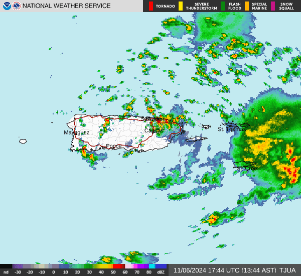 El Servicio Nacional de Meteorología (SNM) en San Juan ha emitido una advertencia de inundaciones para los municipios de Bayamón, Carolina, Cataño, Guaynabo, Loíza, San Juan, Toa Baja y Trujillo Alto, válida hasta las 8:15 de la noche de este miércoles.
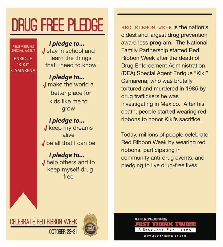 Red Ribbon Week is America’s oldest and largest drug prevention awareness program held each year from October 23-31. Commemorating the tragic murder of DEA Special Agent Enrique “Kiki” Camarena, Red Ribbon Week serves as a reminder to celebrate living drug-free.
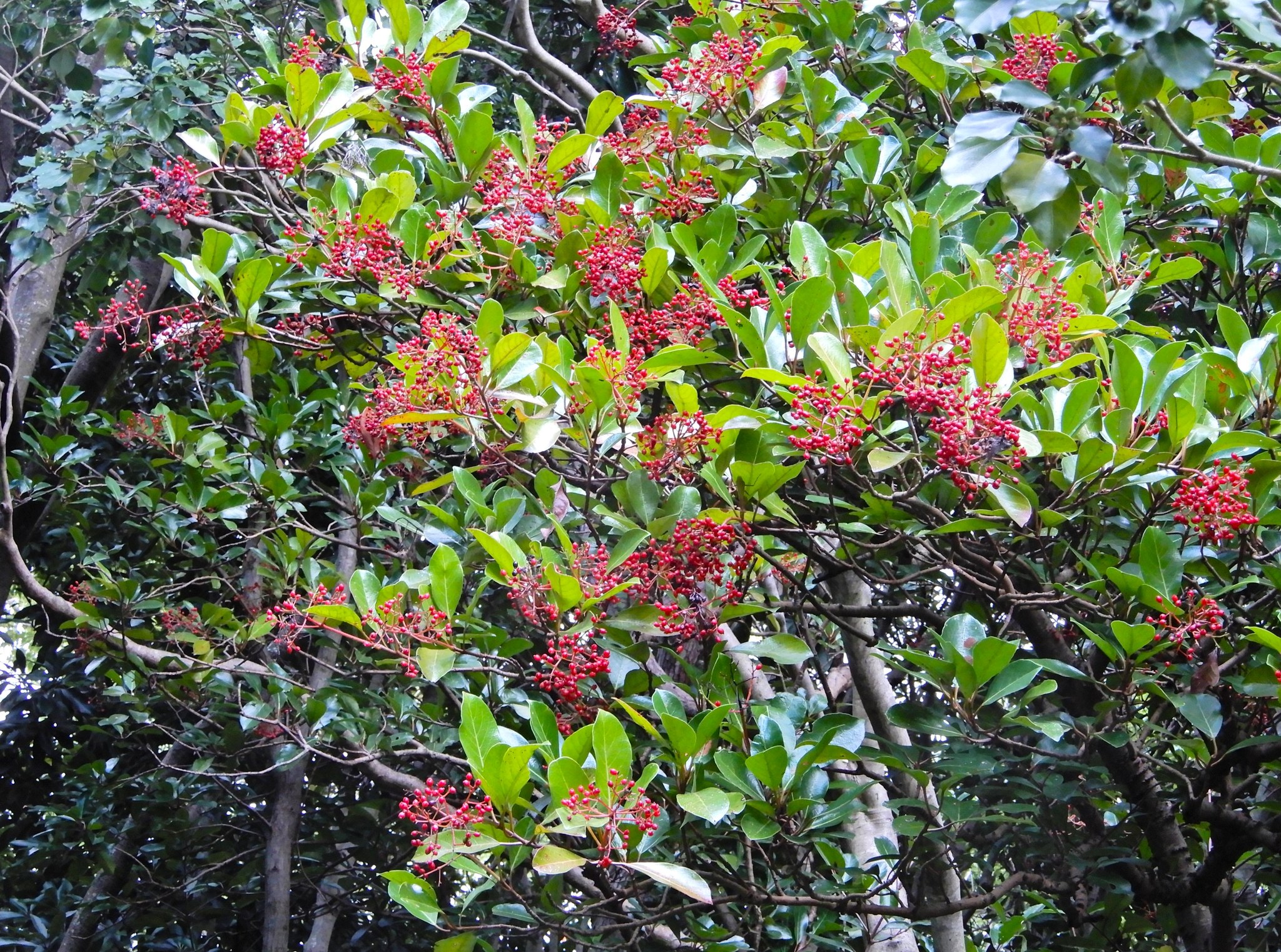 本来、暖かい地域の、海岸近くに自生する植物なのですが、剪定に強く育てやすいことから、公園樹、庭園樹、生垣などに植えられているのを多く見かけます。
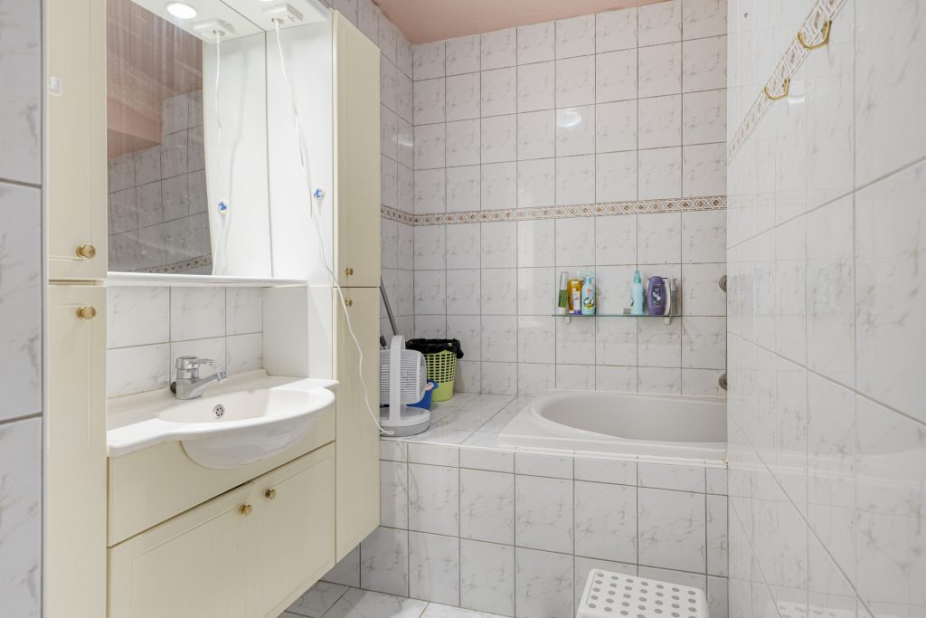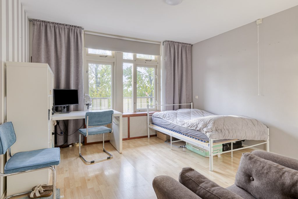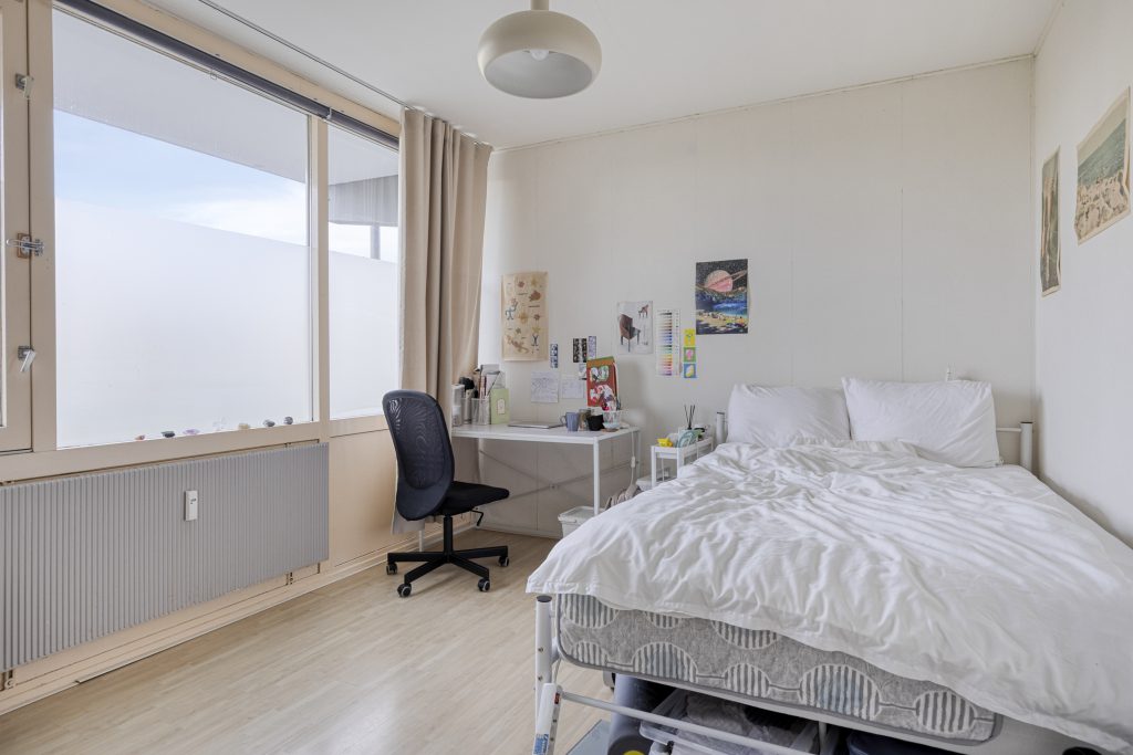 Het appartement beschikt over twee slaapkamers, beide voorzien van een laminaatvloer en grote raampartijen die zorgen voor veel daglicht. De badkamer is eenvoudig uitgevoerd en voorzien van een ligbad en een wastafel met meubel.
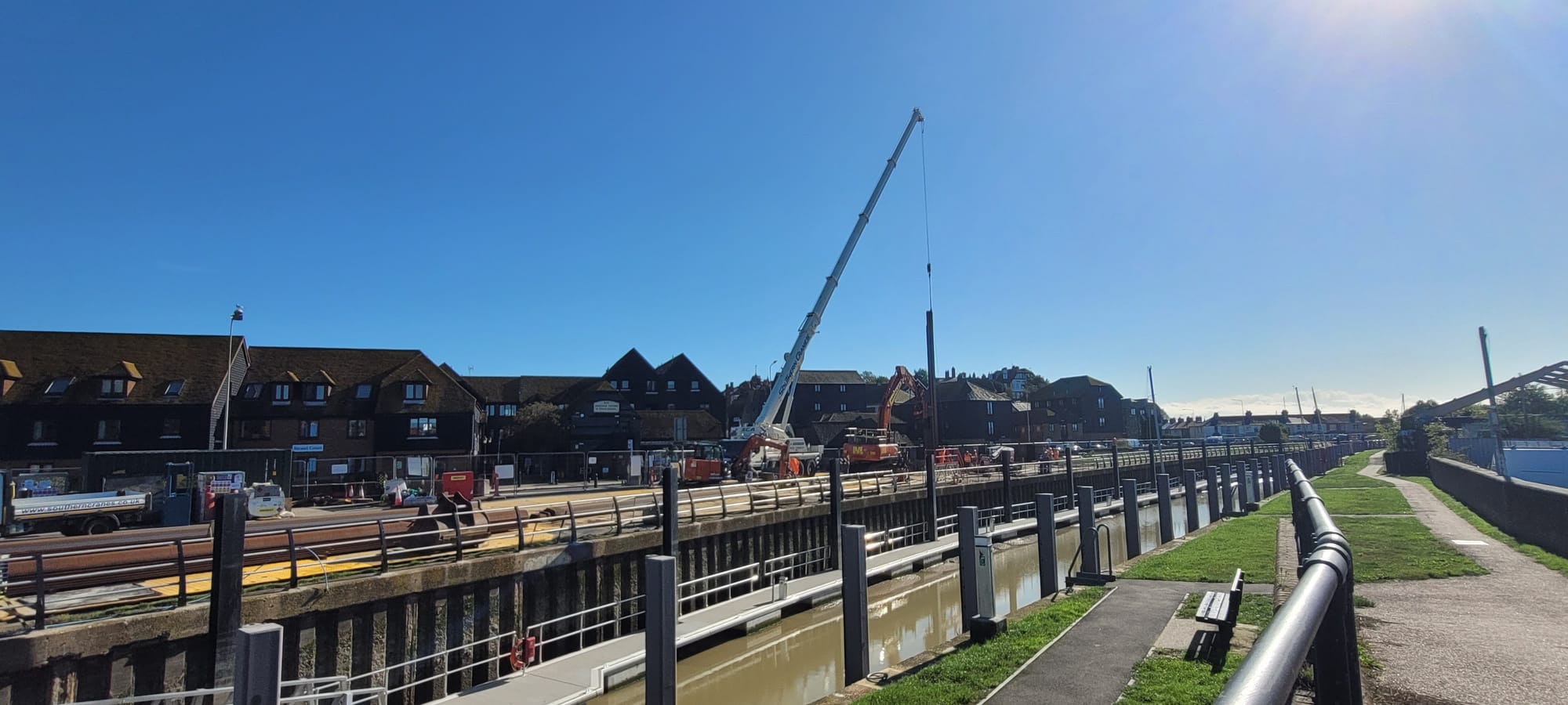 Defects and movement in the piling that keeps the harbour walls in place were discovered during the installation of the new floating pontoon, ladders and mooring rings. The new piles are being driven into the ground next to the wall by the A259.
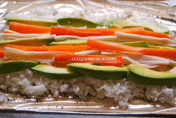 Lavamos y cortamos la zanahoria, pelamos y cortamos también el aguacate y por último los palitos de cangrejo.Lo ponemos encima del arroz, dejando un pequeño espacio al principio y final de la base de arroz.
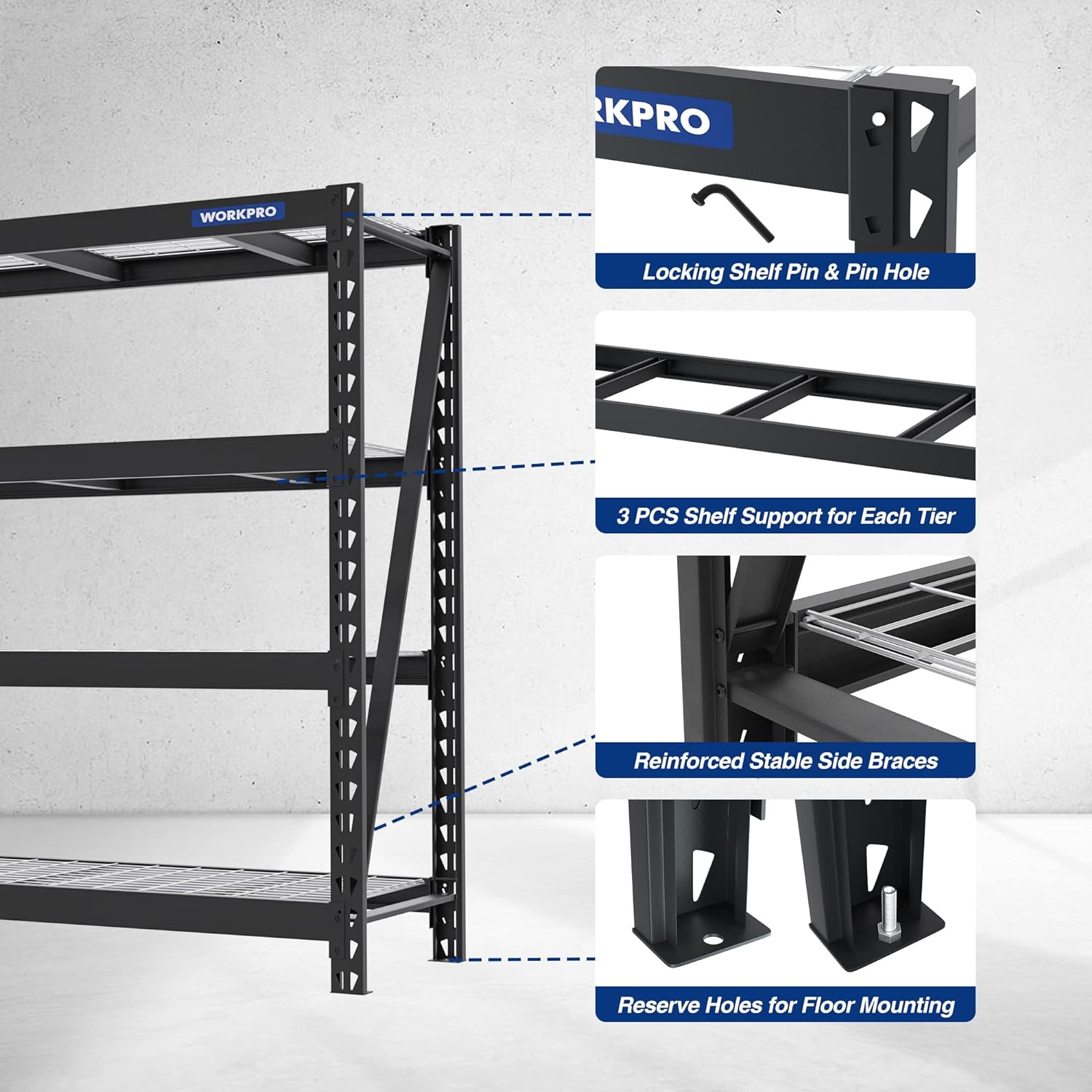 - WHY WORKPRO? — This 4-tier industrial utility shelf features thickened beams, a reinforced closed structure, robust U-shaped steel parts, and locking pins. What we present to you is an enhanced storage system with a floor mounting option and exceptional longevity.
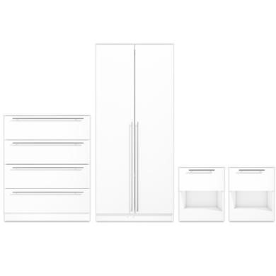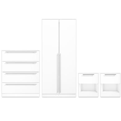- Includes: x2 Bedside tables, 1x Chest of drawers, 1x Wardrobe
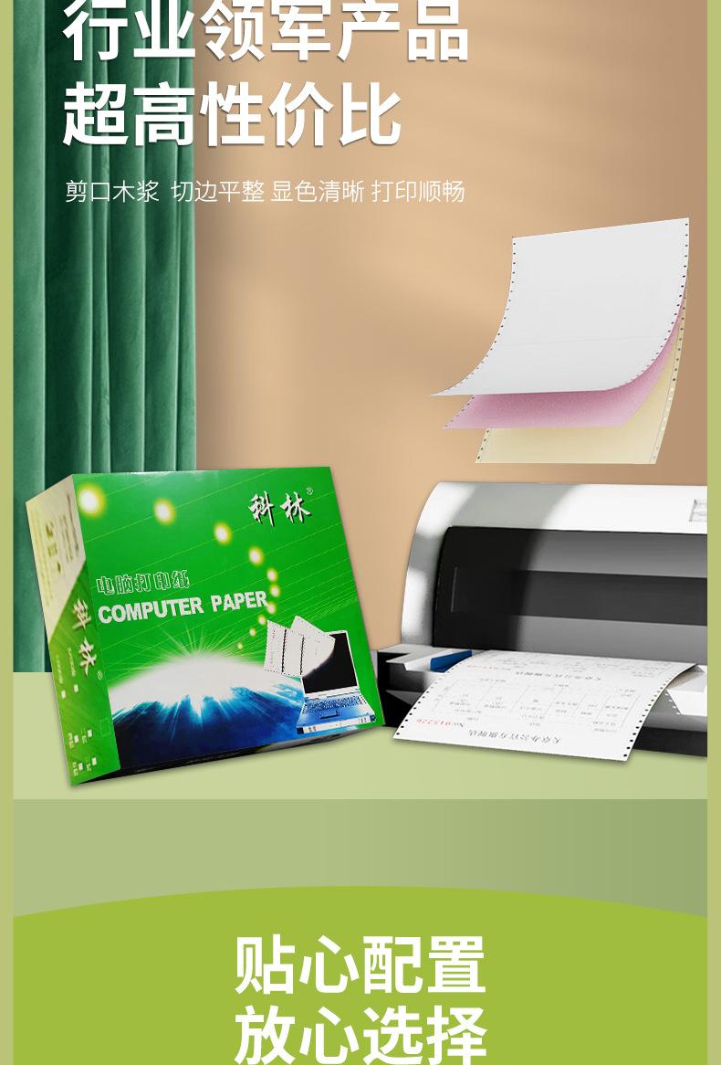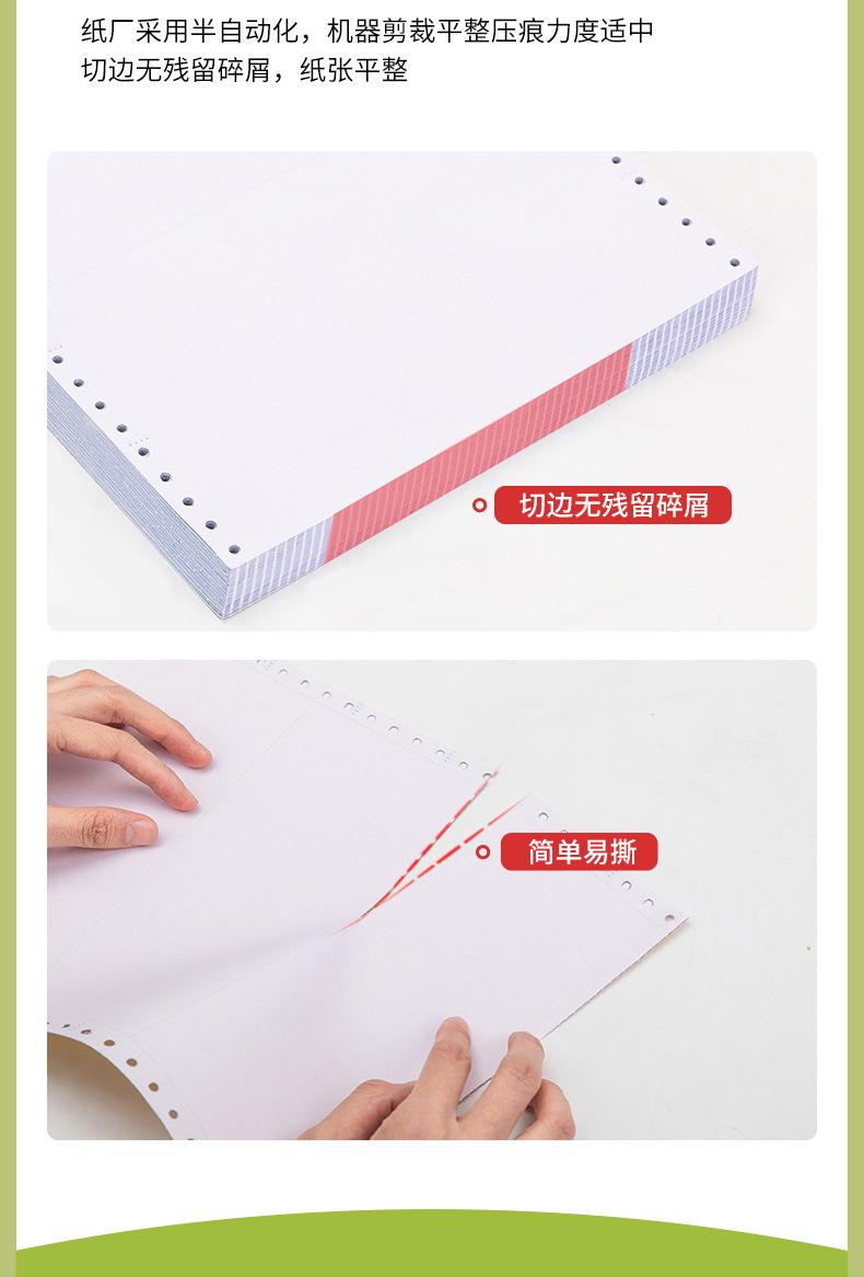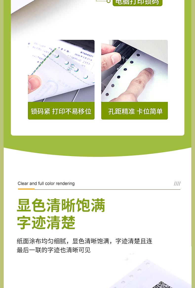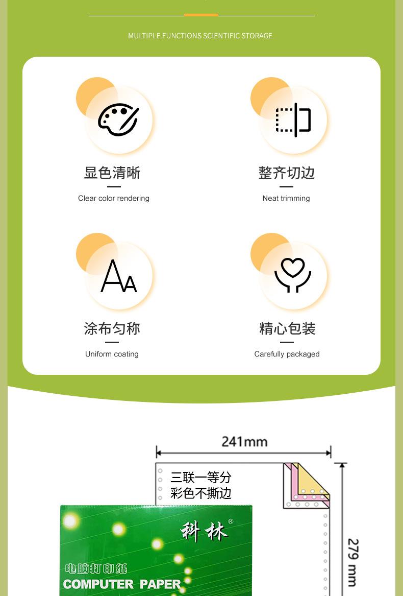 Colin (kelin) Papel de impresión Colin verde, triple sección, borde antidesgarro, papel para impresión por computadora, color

::::::

● Exercise
Without the pictures, give all the records above again exactly.

● Task result
 El Servicio Nacional de Meteorología (SNM) en San Juan ha emitido una advertencia de inundaciones para los municipios de Bayamón, Carolina, Cataño, Guaynabo, Loíza, San Juan, Toa Baja y Trujillo Alto, válida hasta las 8:15 de la noche de este miércoles.
 Red Ribbon Week is America’s oldest and largest drug prevention awareness program held each year from October 23-31. Commemorating the tragic murder of DEA Special Agent Enrique “Kiki” Camarena, Red Ribbon Week serves as a reminder to celebrate living drug-free.
 本来、暖かい地域の、海岸近くに自生する植物なのですが、剪定に強く育てやすいことから、公園樹、庭園樹、生垣などに植えられているのを多く見かけます。
 Het appartement beschikt over twee slaapkamers, beide voorzien van een laminaatvloer en grote raampartijen die zorgen voor veel daglicht. De badkamer is eenvoudig uitgevoerd en voorzien van een ligbad en een wastafel met meubel.
 Defects and movement in the piling that keeps the harbour walls in place were discovered during the installation of the new floating pontoon, ladders and mooring rings. The new piles are being driven into the ground next to the wall by the A259.
 Lavamos y cortamos la zanahoria, pelamos y cortamos también el aguacate y por último los palitos de cangrejo.Lo ponemos encima del arroz, dejando un pequeño espacio al principio y final de la base de arroz.
 - WHY WORKPRO? — This 4-tier industrial utility shelf features thickened beams, a reinforced closed structure, robust U-shaped steel parts, and locking pins. What we present to you is an enhanced storage system with a floor mounting option and exceptional longevity.
- Includes: x2 Bedside tables, 1x Chest of drawers, 1x Wardrobe
 Colin (kelin) Papel de impresión Colin verde, triple sección, borde antidesgarro, papel para impresión por computadora, color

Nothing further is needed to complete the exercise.